Reflections on Repatriation

Contributed by Marla Taylor

Most of my time lately has been spent on repatriation work.  This work isn’t something that I can share lots of details about, but it is probably both the most challenging and rewarding part of my job. 

The Peabody has always had a commitment to working with tribes and Indigenous peoples to ensure that ancestors, funerary belongings, sacred objects, and objects of cultural patrimony are repatriated in a respectful and timely fashion.  I am fortunate to inherit that past work and a strong institutional reputation for fairness and responsibility.  It is a high standard that I constantly strive to uphold.

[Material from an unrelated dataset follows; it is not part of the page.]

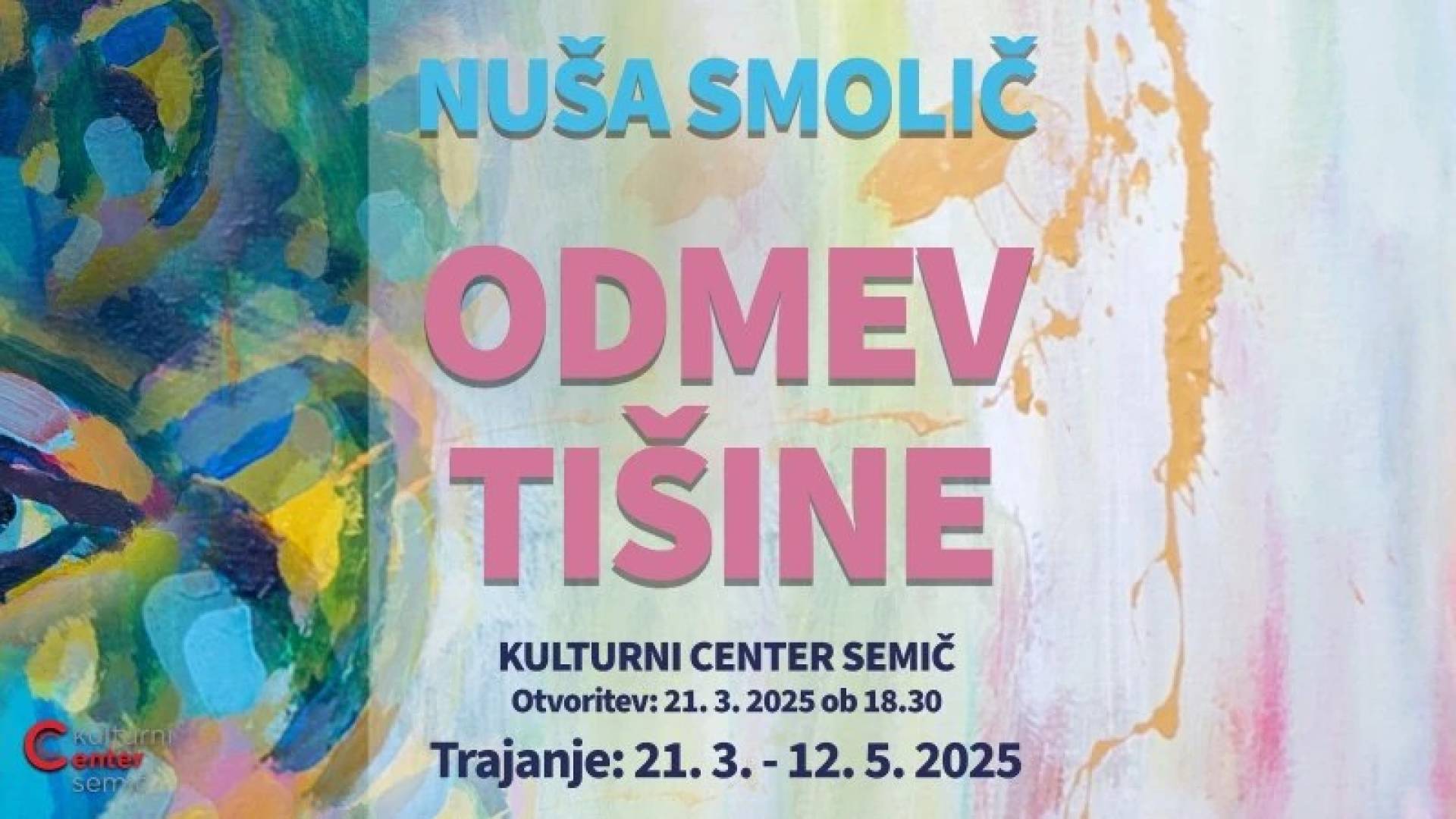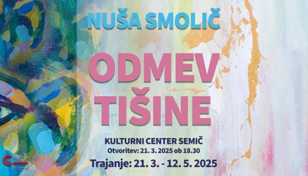 Kulturni center SemičKulturni center Semič vas ob 18:30 vabi na odprtje slikarske razstave “Odmev tišine” akademske slikarke Nuše Smolič.

In late October, I was able to take part in the 6th Annual Repatriation Conference sponsored by the Association on American Indian Affairs (AAIA).  This conference was a focused on the 30th anniversary of the Native American Graves Protection and Repatriation Act (NAGPRA).  It was fabulous to learn about the work of other institutions and tribes, share strategies to overcome challenges, hear about success stories, and be inspired by so many other dedicated professionals. 

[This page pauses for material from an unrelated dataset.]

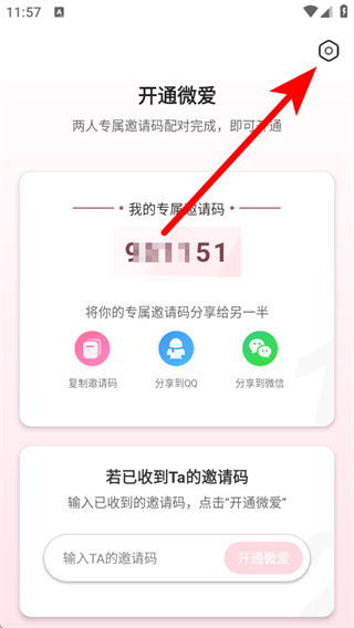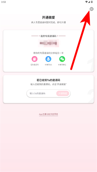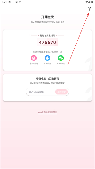 1、打開微愛應(yīng)用,點(diǎn)擊右上角設(shè)置圖標(biāo)進(jìn)入設(shè)置頁面。

I was the most impacted by a wonderful presentation on decolonization by the Director of the Abbe Museum in Bar Harbor, ME and the staff of the Museum of Us in San Diego, CA.  The incredible work they have done, and continue to do, to address the inherently colonial nature of a museum interpreting the material culture of minority and Indigenous communities is inspiring.  Listening to their presentation and thinking about the work we do at the Peabody, I was pleased to identify so much overlap.  The thought we have put into the decolonizing process manifests itself in our collections policies, NAGPRA policy, how we approach education, and approach research inquiries.

I take this part of my job very seriously.  My work can’t erase past mistreatment of these ancestors and belongings, or redress colonial wrongs, but I can make progress.  The changes that I am part of will hopefully become the foundation of a stronger reputation for caring, meticulousness, and a progressive attitude toward repatriation.  Decolonization work is anti-racism work.

In mid-November, a colleague and I will be presenting to the NAGPRA Community a Practice (a group of scholars and NAGPRA practitioners from museum and tribes) on the topic of decolonizing collections care.  I am excited to share my ideas with this group and get feedback.

The process of decolonization will probably never end and there will always be more to learn.  I look forward to the challenge!

This artwork was created especially for the 6th Annual Repatriation Conference by George Curtis Levi, who is a member of the Southern Cheyenne Tribe of Oklahoma and is also Southern Arapaho. This ledger art painting depicts how repatriation builds community and strengthens culture. It was painted on an antique mining document from Montana that dates from the 1890s.